Legendary Twinkle Brothers shine
By Gabe Meline
As the final embers of this year's Reggae Rising festival burn to ash and as the last guitar upstroke and downbeat bass line ring out over Dimmick Ranch, there's still plenty of reason--not simply botanical--for reggae fans to stick around Northern California this week. In an unexplainable stroke of the patently absurd, the Twinkle Brothers, a legendary four-decades-deep institution from Jamaica's shores, were absent from this years' festival lineup. The oversight of Norman and Ralston Grant, who have recorded over 60 albums with the likes of Lee "Scratch" Perry and Leslie Kong, is somewhat remedied this week in an appearance at the Last Day Saloon in Santa Rosa.

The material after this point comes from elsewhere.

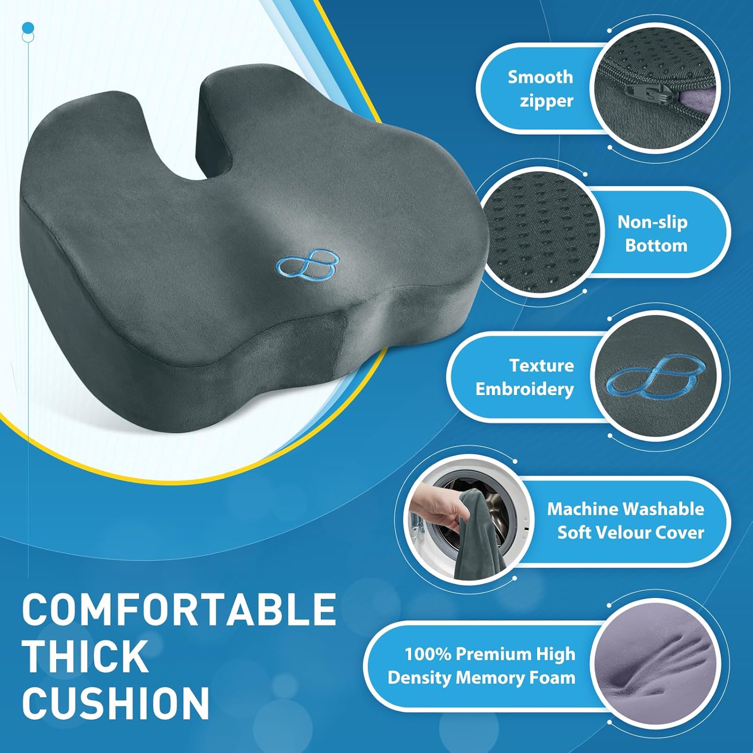 BlissTrends Seat Cushion,Thick Memory Foam Cushions for Office Chair, Car Seat, Airplane, Relieving Pressure Tailbone Sciatica Back Pain for Office Workers, Car Drivers 4.7in Thick DarkGreen

Having emerged in Kingston singing competitions in the early '60s, just as Jamaica received its independence from Great Britain, the Twinkle Brothers' sound is charged by the formative years of reggae music; the early soul influence in the Ralstons' famous harmonies comes from the same sources that elevated the Heptones and the Melodians. But the Twinkle Brothers remained current musically, and by 1982, the year of their famous performance of "When I Threw the Comb Away" at Reggae Sunsplash, they'd formed a powerhouse band, anchored by the 10-ton bass of Derrick Brown and augmented with numerous backup singers (the same group also recorded the Twinkles' highpoint, Countrymen, in 1980). The alchemy is energizing, and even today, in concert, Norman Ralston is in constant motion, either pacing the stage or walking in place like a stimulated televangelist eager to get his message across.
"Remember, there is not just one type of people in this world," Ralston said in a recent interview. "It's a melting pot, so people have to learn to live with one another, with your neighbors and brothers and sisters." That sounds like perfect advice for a huge festival attended by thousands of people squinting at a faraway stage in the middle of the redwood forest. For the few hundred still in town, the chance to see the Twinkle Brothers in a small club should be a breath of fresh air. Unless, of course, the place is hotboxed.